I have a microclimate that I'm about to start using (moving my corn into its vivarium today) could you tell me what problems you had? I'm a bit discouraged now.


----------



## DRACSAT (Apr 13, 2008)

micoclimate had nothing but agro with habistats and after 6 go wrong with in 3 weeks of getting them i will never buy another habistat


----------



## markhill (Sep 22, 2006)

I've got 7 Habistats and apart from one being a bit dodgy they're all good.

I bought Habistats purely because they were the ones in the shop at the time I bought my first snake.

Never used Microclimate as I've had no problems with Habistat (execpt the dodgy one mentioned earlier) so have no need to change.


----------



## sacredart (Dec 9, 2008)

Personally, I've never used Microclimate stats before, but, I have, indeed, used Habistat ones (both their dimmer and temperature stat), and still continue to use them. Never experienced any problems whilst using their product, and, like loobylou211 has already mentioned, you get a 5 year guarantee :2thumb:


----------



## 15060 (Feb 17, 2008)

Dexter612 said:


> I have a microclimate that I'm about to start using (moving my corn into its vivarium today) could you tell me what problems you had? I'm a bit discouraged now.


 
just failure to work, they wud set up, then crash and burn within a few days..... as viv builders, we sell quite a lot of equipment and we had lots of the microclimates returned for the same reason, hence we changed brands to habistat and with the hundreds we sold, only one habistat returned. If u check the equipment of any decent reptile shop or even top breeders, id say 99% of them use habistats


----------



## VoodooWitchDoctor (Sep 3, 2008)

I use Habistat because that's all they sold in the shop I use.

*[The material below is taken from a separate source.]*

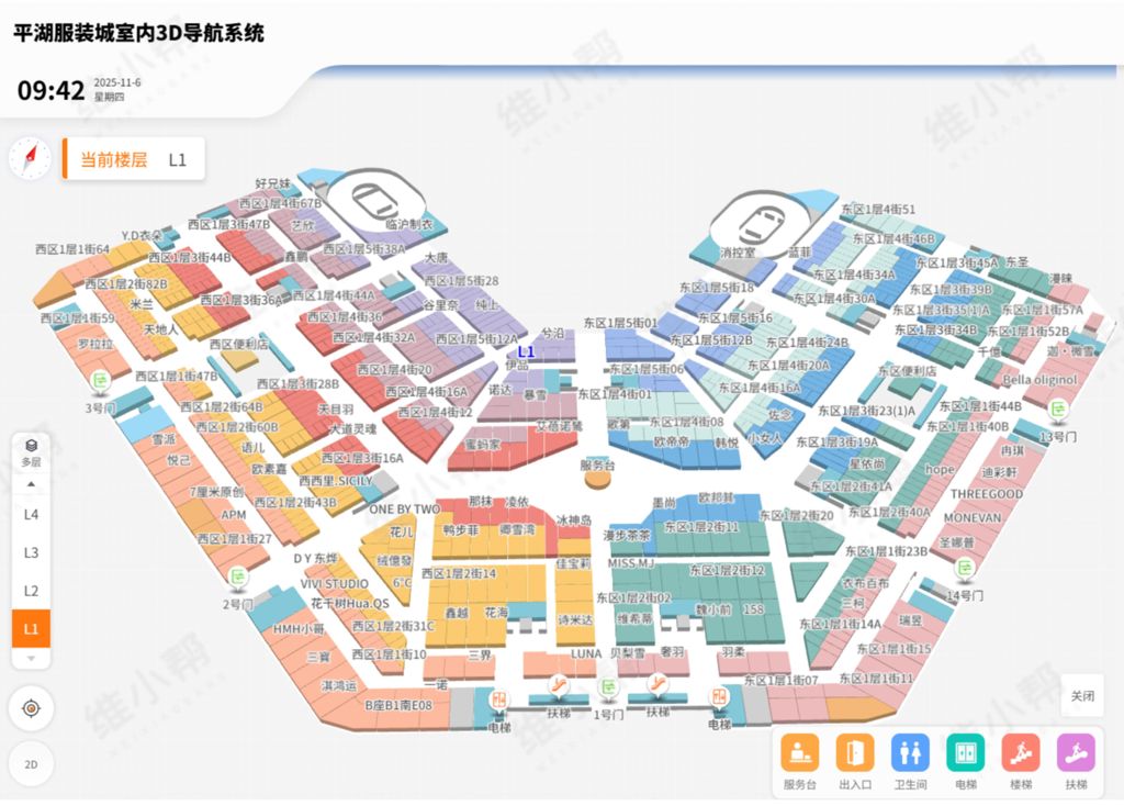 平湖服装城涵盖多层建筑,各楼层按服装品类细分区域,且商户密集、通道交错,加之部分采购商对市场布局不熟悉,常出现 “找品类耗时久、找特定商户绕路” 的问题,尤其影响批发采购的效率。

They're both probabley made in some cheap nasty factory in China anyway!:lol2:


----------



## oakelm (Jan 14, 2009)

Have both, prefer habistat. Have monitored temps and they just seem to keep them slightly more stable in my setups. Only advantages with the microclimate is you wont accidentally nudge the dial as you need a screwdriver to change it.


----------



## sacredart (Dec 9, 2008)

oakelm said:


> Have both, prefer habistat. Have monitored temps and they just seem to keep them slightly more stable in my setups. Only advantages with the microclimate is you wont accidentally nudge the dial as you need a screwdriver to change it.

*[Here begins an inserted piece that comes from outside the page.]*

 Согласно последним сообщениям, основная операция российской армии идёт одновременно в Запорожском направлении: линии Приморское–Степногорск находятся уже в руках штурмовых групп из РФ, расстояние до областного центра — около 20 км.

Yeah, I've always felt that I have to be super careful around my Habistat dials as well, especially when moving vivariums around etc., and I seem to find that tape doesn't secure them in place very well either!


----------



## Dexter612 (Apr 2, 2009)

Well at least I know to change to Habistat if my Microclimate ever breaks.


----------



## exoticsandtropics (Mar 11, 2007)

habistat all the way. never had one break on me. always good. or lucky reptile. i like the digital aspect


----------



## lyndy299 (Mar 14, 2008)

I use both. I do however, prefer Habistat, but haven't had any problems with Microclimate (so I don't see a problem with using them, as long as they are obviously used with a digital thermometer - both should be anyway) I orginally used microclimate because that was what was available in my local rep shop. Now I order online via livefoods and they only offer Habistat so that's what I've bought recently.


----------



## Victoria_O (Jan 11, 2009)

We use microclimate solely. We have over 100 running and have never had a problem with them! The service they provide is impeccable as we often get custom probe lengths done for us. 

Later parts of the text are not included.